Final Project CS410, UIUC Group Name: TTIS 5
- Zhengkai Zhang (zz68) - Captain
- Yuan Chung Ho (ych11)
- Wan Feng Cai (wfcai2)
- Xinqian Xiang (xinqian6)
- Zheng Ma (zhengma3)
We receive a mass amount of information everyday, for example advertisements from email and push notifications from search engines, and it comes with a link to another page. We scan through titles and quickly make decisions whether we are interested or not. It is time consuming in searching through the interesting information. Therefore, we are encouraged to seek a way to pick out useful information to make our life more efficient.
We are presenting a tool called HyperLink classification that helps users to identify whether a link they receive from email or search engine (eg: google) meets their needs.
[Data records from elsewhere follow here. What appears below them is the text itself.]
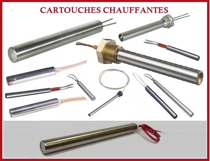 Les cartouches chauffantes, (connues également sous le nom de résistances cylindriques blindées ou crayons chauffants) se présentent sous orme tubes de différents diamètres et longueurs. Elles sont utilisées notamment dans le chauffage d'outillages, matrices, plateaux, boulons, canaux chauds, moules…
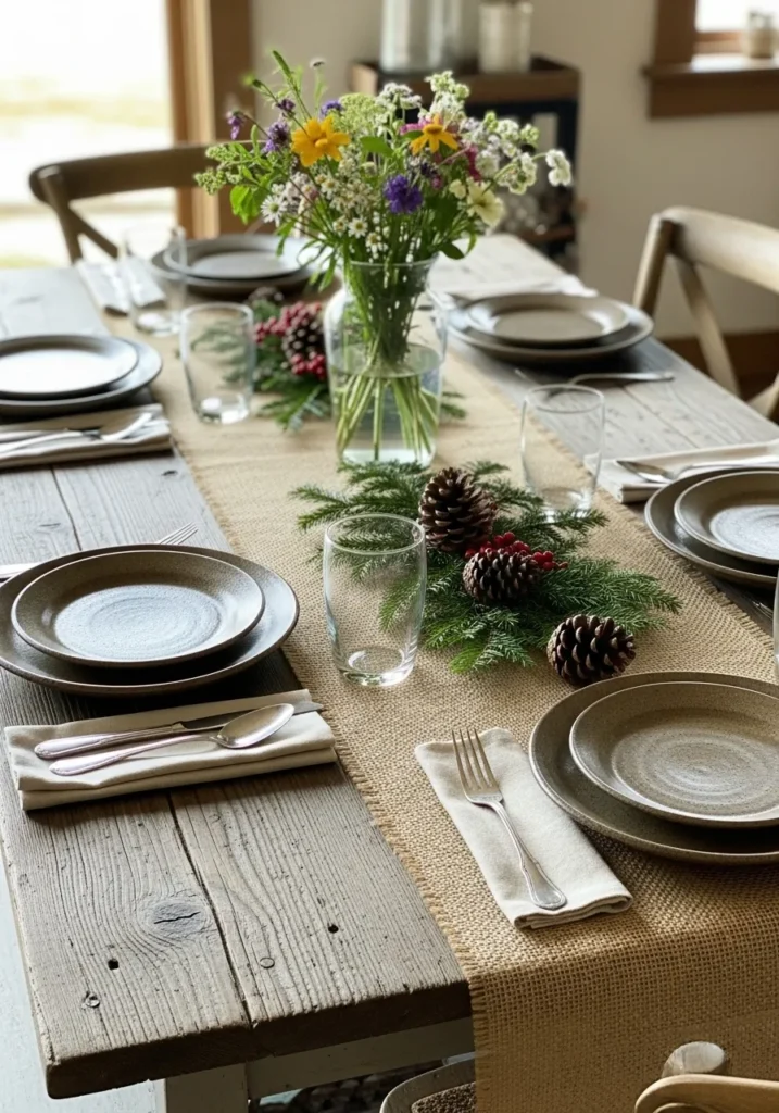 This setup celebrates the beauty of simplicity. The weathered wooden table pairs beautifully with a burlap runner lined with evergreens, pinecones, and sprigs of berries. A vase of wildflowers adds a touch of life and color, keeping things fresh and unpretentious.
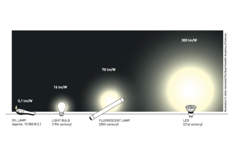 Thông thường, đèn led có hiệu suất phát quang trung bình là 90 Lm/W, trong khi đó đèn huỳnh quang compact là 60 Lm/W và đèn sợi đốt là 13 Lm/W.
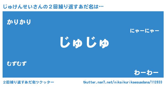 | ヘコむあだ名 | 『じゅにー』『じゅけんせい(小並感)』 |
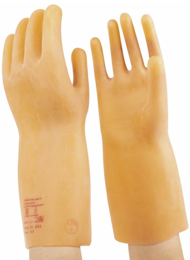 Перчатки бесшовные анатомические для основной защиты рук от воздействия электрического тока при работе с электроустановками напряжением до 500 в.
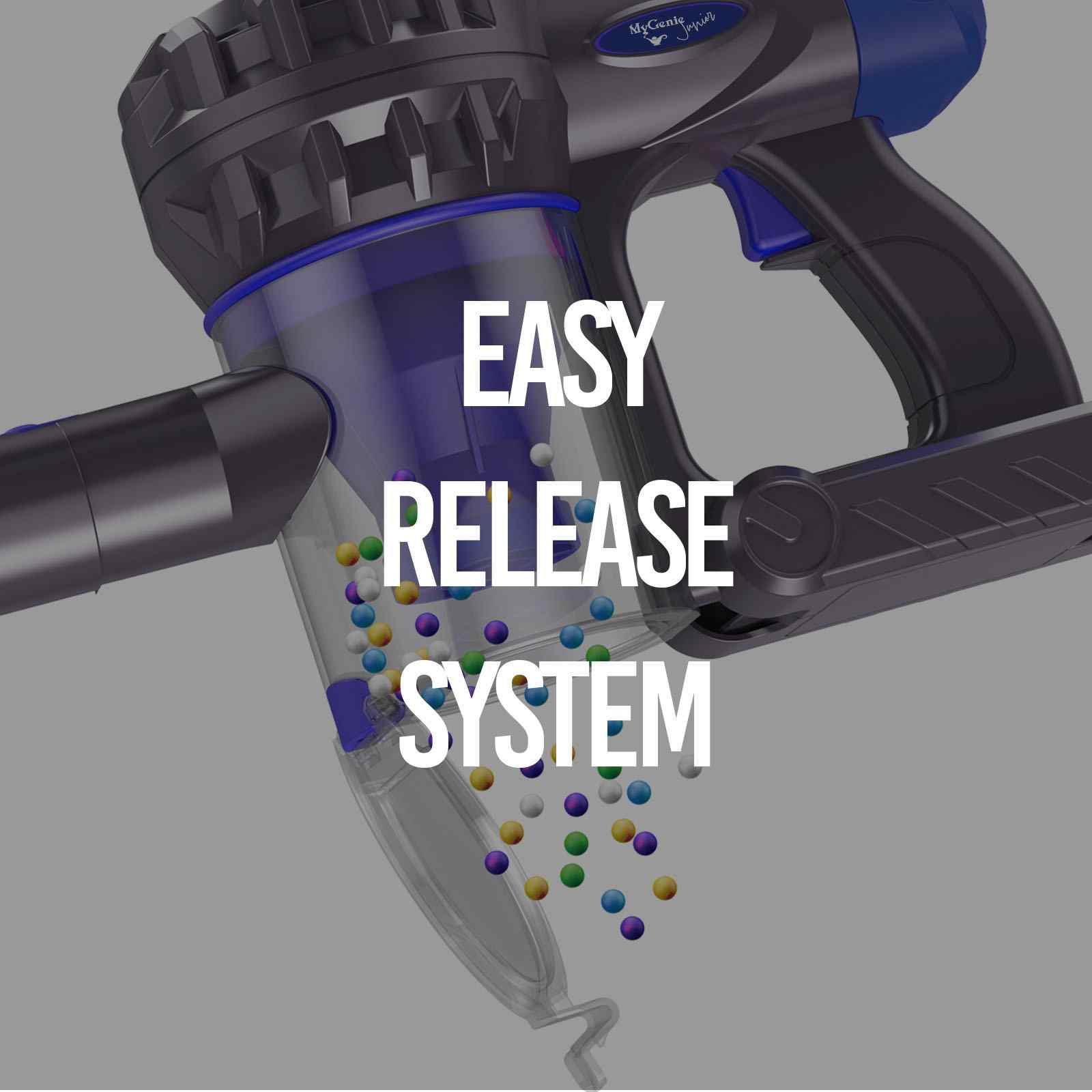 The My Genie Jnr JX5 Stick Vacuum Cleaner has all the functionality of the real thing, with working suction and dust catcher, your little one can help clean mess, empty the dustbin, change attachments, and easily convert their vacuum from stick to handheld whilst developing problem- solving and hand-eye coordination skills.

The tool includes the following features:
- Develop a list of categories and corresponding keywords.
- The user profiles were built based on their selection of interesting categories.
- Scrape text from user-provided url. Remove stop words and rank text based on counts.
- Generate top key phrases about the text and perform sentiment analysis
We have 2 main code files
app.pymodule.py
Packages required:
- mysql
- beautifulsoup
- Flask
- nltk
People who want to know high levels of a given url without reading through all the text.
The requirements.txt file should list all Python libraries and they will be installed using:
pip install -r requirements.txt
- git clone https://github.com/xinqianx/CourseProject.git
- download postgreappp from https://postgresapp.com/
- install the postgreapp and create a new server with port 5430
- setup the password for server 5430's default user postgres with kaikai49 (code db link: "postgresql://postgres:kaikai49@localhost:5430")
- source source
venv/bin/activate(it include all package needed) if not have venv dopip3 install -r requirements.txtwill install dependencies python3 import.py(set up the default category)python3 app.py(start the app)- http://127.0.0.1:5000/user router to create new user, http://127.0.0.1:5000 root router to use the app
We developed two main front end: one is /user page which allows users to create new user profiles with their names and select categories for themselves. The root page of the UI is app.user/admin which is able to pick the user the created and input the url they want to classify. It will return the summary of the link, and user will able to select they like the link content or not.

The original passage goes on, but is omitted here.